Amazon / Sports / KICK IT TICKETS
REVIEW
Kick It Tickets is a thin resale aggregator with a sharper name than catalogue.
A Fire-tablet ticketing app that promises last-minute sports seats and mostly delivers a search box pointed at the same secondary-market inventory you can find anywhere else.
BY THE APP COMRADE DESK · MAY 11, 2026 · 3 MIN READ
Kick It Tickets
PHINEAS WEB INC.
OUR SCORE
6.4
AMAZON
★ 5.0
PRICE
Free
The ticket-resale market is mature enough that a new entrant needs more than a competent search box to matter. Kick It Tickets, distributed through the Amazon Appstore for Fire tablets, has the competent search box and not much else.
That isn’t a fatal flaw. The Fire OS app marketplace is thin enough that “competent and present” beats “great and absent,” and a sports fan with a Fire HD on the couch will reach for whatever loads first when a friend texts about same-day seats. Kick It Tickets loads first because it loads at all.
What’s missing is a reason to come back after the first transaction — a price guarantee, an exclusive listing, a fan-club tie-in, anything that pulls a buyer out of the StubHub habit. Without one of those, this is a serviceable backup with a sharper name than catalogue.
Kick It Tickets isn't selling tickets so much as renting you a window into other people's listings.
FEATURES
Kick It Tickets is a sports-focused ticket marketplace wrapped for the Amazon Fire ecosystem. The catalogue spans NFL, NBA, MLB, NHL, MLS, college football, NASCAR, and the larger boxing and UFC cards. Browse is by league, team, or venue; each event view shows an interactive seat map with section-level pricing, a row of filters for quantity and price band, and a checkout flow that takes card details inside the app.
The inventory is not first-party. Listings come from the broader secondary-market supply chain — the same pool feeding StubHub, Vivid Seats, and the dozen smaller resellers that licence the data. Prices include a service fee disclosed late in checkout. Mobile tickets arrive as a PDF emailed to the account on file, with no in-app wallet and no transfer to Apple or Google Wallet from the Fire build.

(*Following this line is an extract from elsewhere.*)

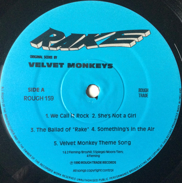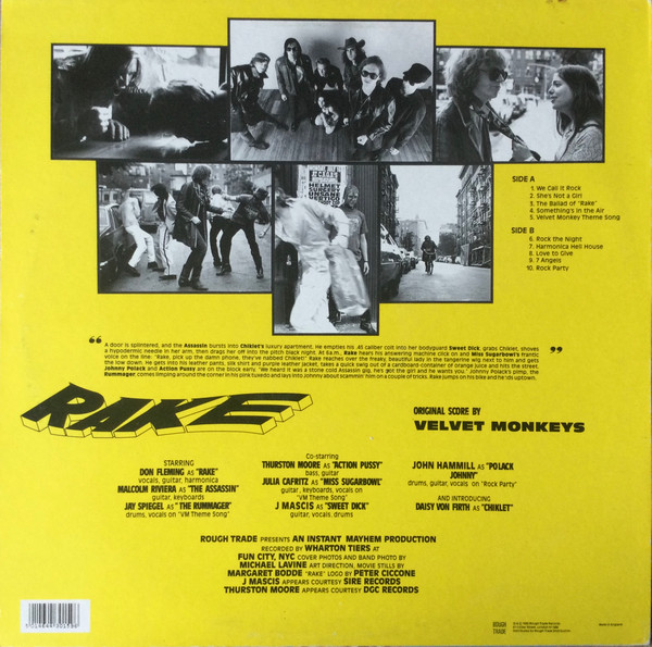 Original UK pressing. Still comes with the scarce unpeeled Featuring J. Mascis Thurston Moore Don Fleming sticker on front cover /Velvet Monkeys was one of the bands led by legendary producer Don Fleming (Sonic Youth, Hole, Dinosaur Jr., and others), which existed from 1980 to 1990 and has enjoyed cult status ever since. Rake is the band's last work (from 1990) and is intended as the soundtrack to a film that, of course, doesn't exist.

Notifications are basic — a watchlist will email when a tracked event's lowest price drops past a threshold, but there is no push channel on Fire OS and no SMS option.
MISSION ACCOMPLISHED
Search is fast and the seat-map renderer is responsive on a five-year-old Fire HD 10, which is more than can be said for several of the larger ticket apps when run on the same hardware. The team-first browse structure suits the audience — most Fire tablet ticket buyers know which team they are buying for, not which venue — and the filters land where a sports fan would expect them.
Pricing is at least visible in the seat map rather than hidden behind a tap-through, which makes side-by-side comparison with a competitor app in another tab faster than the alternatives.
ROOM TO IMPROVE
The fee disclosure is the standard secondary-market sleight of hand — a $90 ticket becomes $118 at the final screen. That is the industry norm, not a Kick It-specific sin, but the app does nothing to differentiate itself on transparency, and a smaller player has more to gain from leading on price honesty than a market leader does.
Beyond pricing, the app is thin. There is no loyalty programme, no exclusive inventory, no buyer protection language that meaningfully exceeds what a card chargeback already provides, and no obvious reason to choose it over a browser tab pointed at a larger marketplace. The Fire-only distribution is a constraint, not a feature.
CONCLUSION
Kick It Tickets is worth installing if you already shop on a Fire tablet and want a second price source open while you compare. It is not worth installing as your default. The bones are competent — search works, the seat map is legible, checkout completes — but nothing here pulls a buyer away from the marketplace they already trust.